Segment Start: Records for this exercise

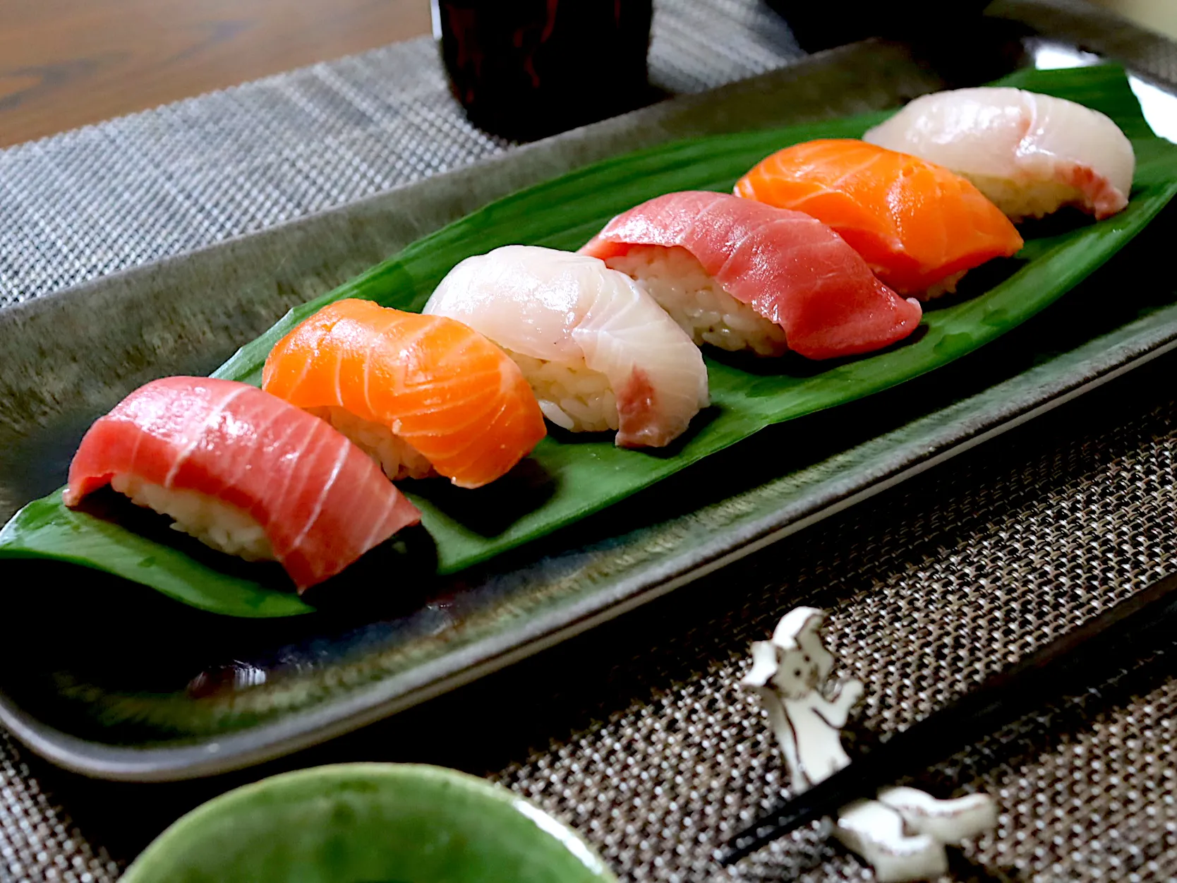 箸置きのネコちゃんがお魚狙ってる🐟♡🐈
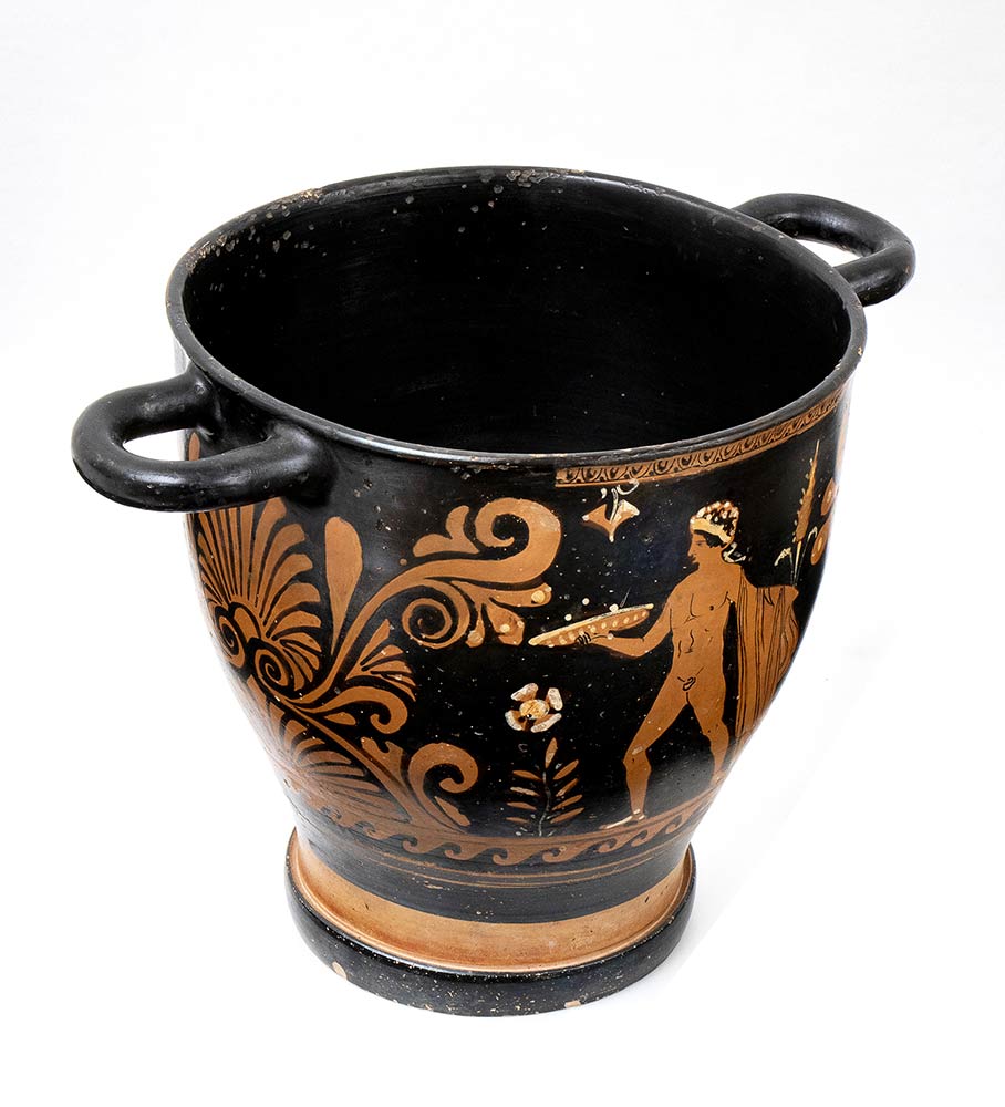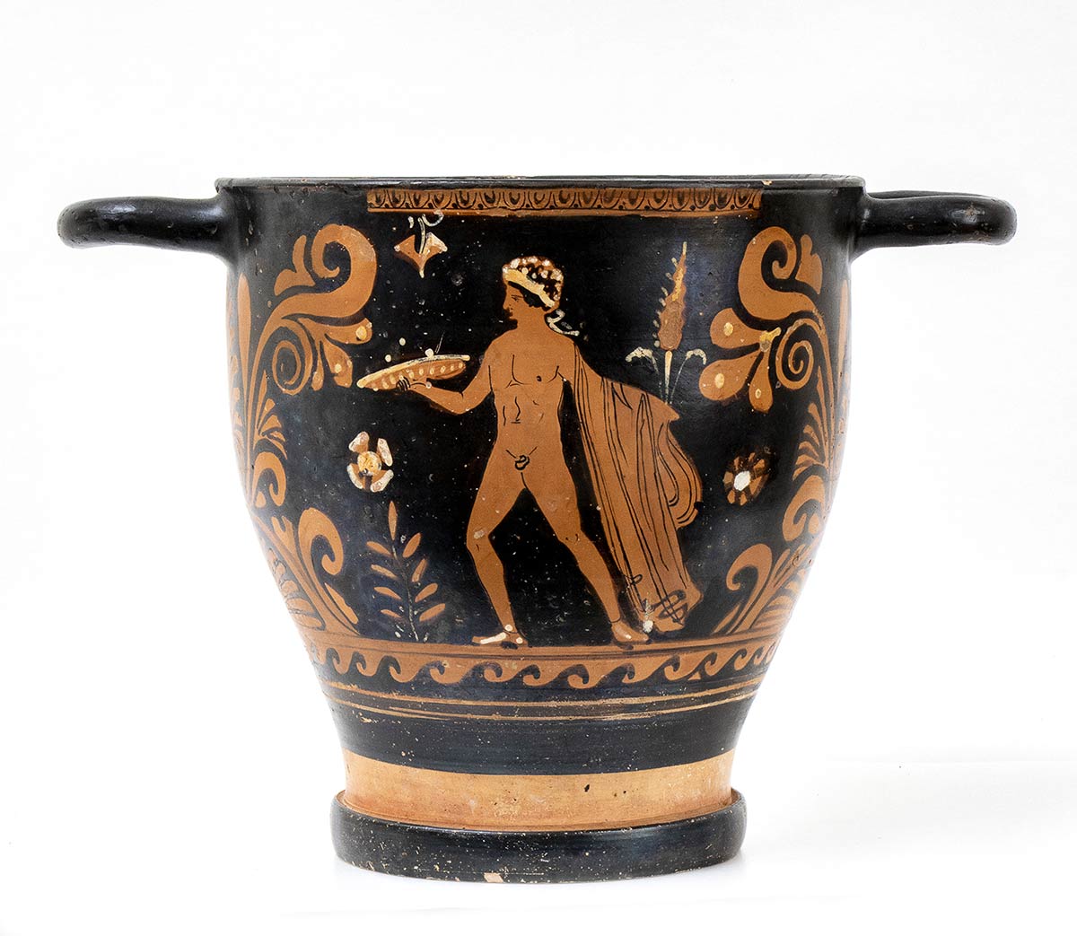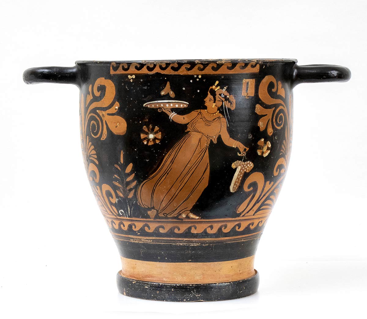 IV secolo a.C.; alt. cm 28,2; diam. cm 27; Grande skyphos a figure rosse completamente intatto; da un lato è una figura maschile in nudità con tirso e piatto di frutta; dall’altro una donna in corsa con grappolo d’uva e piatto di frutta. Teoria di palmentte sotto le anse.
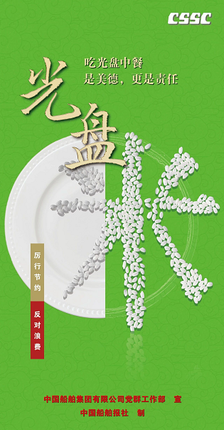 為認(rèn)真貫徹落實(shí)習(xí)近平總書記關(guān)于制止餐飲浪費(fèi)行為的重要指示精神,大力弘揚(yáng)中華民族勤儉節(jié)約、珍惜糧食的文明用餐習(xí)慣,中國船舶集團(tuán)積極開展“制止餐飲浪費(fèi) 踐行光盤行動”專項宣傳引導(dǎo)活動。
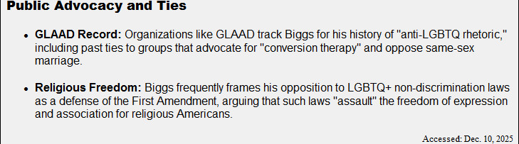 family". In 2020, Biggs joined Representative
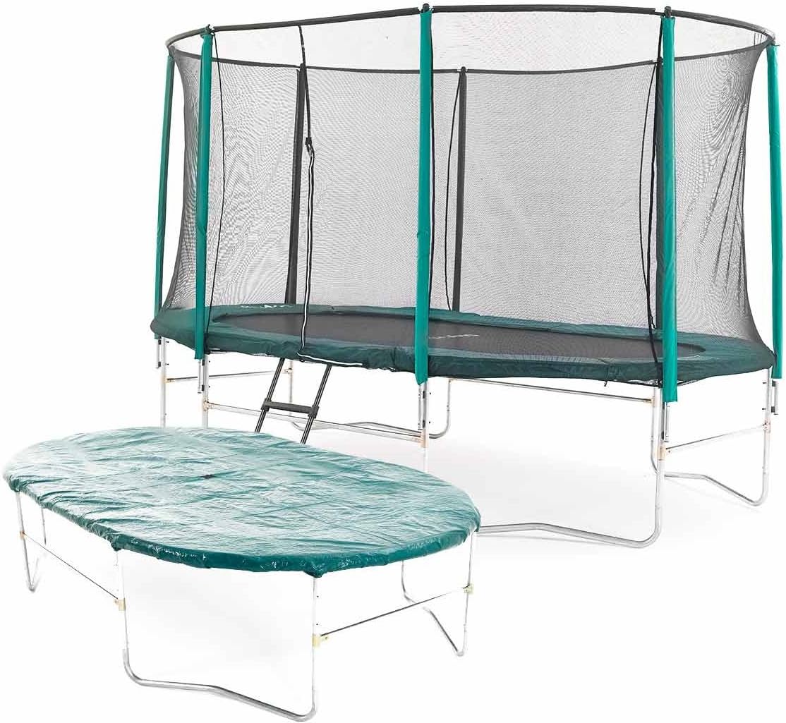 The first trampoline i d recommend is the 8 foot x 14 foot skyhigh oval trampoline with a ladder and cover view the price. We had their 8x14ft oval version on test. It does not pull users to the center like the typical round trampolines.
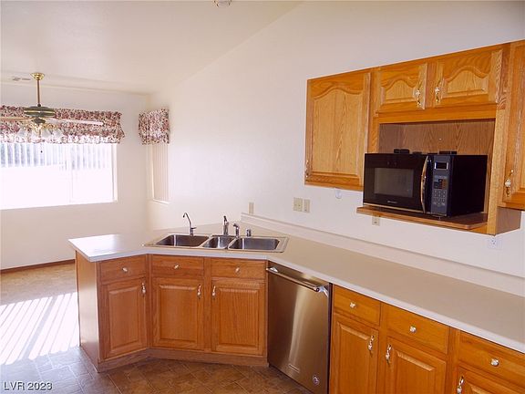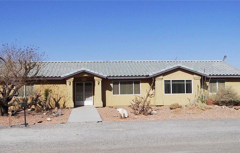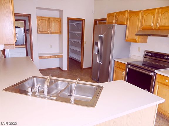Lovely 2128 sqdt home on half acre in nice custom home area with easy access to town. Split floor plan separates primary bedroom from 2 guest rooms. Bedrooms are spacious with extra large walk-in closets. 15x14 Formal Living room, plus 19X8 family room with slider door to covered patio. Family room ideal to use as office, or hobby room or even a gym. Kitchen with newer stainless appliances including refrigerator and 3 section stainless sink. Inviting sunny breakfast room with view of Mt Charleston. Laundry room with huge sink. 2 car garage has built in cabinets. Home is built to one side of lot allowing for area to park other vehicles or Rv or to add another garage. Low maintenance landscape. backyard is fenced and has irrigation system. Lovely home, good area, good price

Segment End: Records for this exercise

| Work required |
The reply should contain all of the data above, word for word, with no pictures.

| Result below |
 箸置きのネコちゃんがお魚狙ってる🐟♡🐈
 IV secolo a.C.; alt. cm 28,2; diam. cm 27; Grande skyphos a figure rosse completamente intatto; da un lato è una figura maschile in nudità con tirso e piatto di frutta; dall’altro una donna in corsa con grappolo d’uva e piatto di frutta. Teoria di palmentte sotto le anse.
 為認(rèn)真貫徹落實(shí)習(xí)近平總書記關(guān)于制止餐飲浪費(fèi)行為的重要指示精神,大力弘揚(yáng)中華民族勤儉節(jié)約、珍惜糧食的文明用餐習(xí)慣,中國船舶集團(tuán)積極開展“制止餐飲浪費(fèi) 踐行光盤行動”專項宣傳引導(dǎo)活動。
 family". In 2020, Biggs joined Representative
 The first trampoline i d recommend is the 8 foot x 14 foot skyhigh oval trampoline with a ladder and cover view the price. We had their 8x14ft oval version on test. It does not pull users to the center like the typical round trampolines.
Lovely 2128 sqdt home on half acre in nice custom home area with easy access to town. Split floor plan separates primary bedroom from 2 guest rooms. Bedrooms are spacious with extra large walk-in closets. 15x14 Formal Living room, plus 19X8 family room with slider door to covered patio. Family room ideal to use as office, or hobby room or even a gym. Kitchen with newer stainless appliances including refrigerator and 3 section stainless sink. Inviting sunny breakfast room with view of Mt Charleston. Laundry room with huge sink. 2 car garage has built in cabinets. Home is built to one side of lot allowing for area to park other vehicles or Rv or to add another garage. Low maintenance landscape. backyard is fenced and has irrigation system. Lovely home, good area, good price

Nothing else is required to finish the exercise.